• What you need to do:
Print, from the listing below, the lines starting at the line containing "タータンチェックが印象的なア" and ending at the line containing "黒髪ショートヘアに水色のメッシュが入った美少女(25歳)。", exactly as they stand, and print nothing else.

START Records to use

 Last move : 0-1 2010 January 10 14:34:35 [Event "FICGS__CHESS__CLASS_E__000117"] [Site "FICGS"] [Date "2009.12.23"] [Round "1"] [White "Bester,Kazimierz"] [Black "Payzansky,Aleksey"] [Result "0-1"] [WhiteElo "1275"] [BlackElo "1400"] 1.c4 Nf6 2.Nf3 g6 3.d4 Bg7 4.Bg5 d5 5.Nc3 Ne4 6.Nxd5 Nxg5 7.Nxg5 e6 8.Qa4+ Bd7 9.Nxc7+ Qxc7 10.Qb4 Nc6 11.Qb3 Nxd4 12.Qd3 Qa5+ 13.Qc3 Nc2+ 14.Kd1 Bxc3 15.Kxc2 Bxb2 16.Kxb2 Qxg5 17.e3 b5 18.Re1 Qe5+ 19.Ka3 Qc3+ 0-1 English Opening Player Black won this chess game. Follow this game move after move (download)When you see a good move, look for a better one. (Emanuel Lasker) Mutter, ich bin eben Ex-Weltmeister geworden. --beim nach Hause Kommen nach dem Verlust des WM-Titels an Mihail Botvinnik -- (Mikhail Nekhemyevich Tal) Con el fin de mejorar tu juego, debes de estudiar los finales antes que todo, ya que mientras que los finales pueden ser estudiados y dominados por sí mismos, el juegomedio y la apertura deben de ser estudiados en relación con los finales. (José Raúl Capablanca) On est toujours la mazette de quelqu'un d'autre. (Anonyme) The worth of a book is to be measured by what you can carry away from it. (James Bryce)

END Records to use
START Records to use

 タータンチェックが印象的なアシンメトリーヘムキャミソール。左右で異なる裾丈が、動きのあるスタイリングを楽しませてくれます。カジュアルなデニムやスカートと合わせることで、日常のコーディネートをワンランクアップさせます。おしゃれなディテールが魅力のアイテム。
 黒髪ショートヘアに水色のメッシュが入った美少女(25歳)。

END Records to use
START Records to use

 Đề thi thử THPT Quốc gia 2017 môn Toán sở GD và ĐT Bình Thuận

END Records to use

• Answer to this exercise:
 タータンチェックが印象的なアシンメトリーヘムキャミソール。左右で異なる裾丈が、動きのあるスタイリングを楽しませてくれます。カジュアルなデニムやスカートと合わせることで、日常のコーディネートをワンランクアップさせます。おしゃれなディテールが魅力のアイテム。
 黒髪ショートヘアに水色のメッシュが入った美少女(25歳)。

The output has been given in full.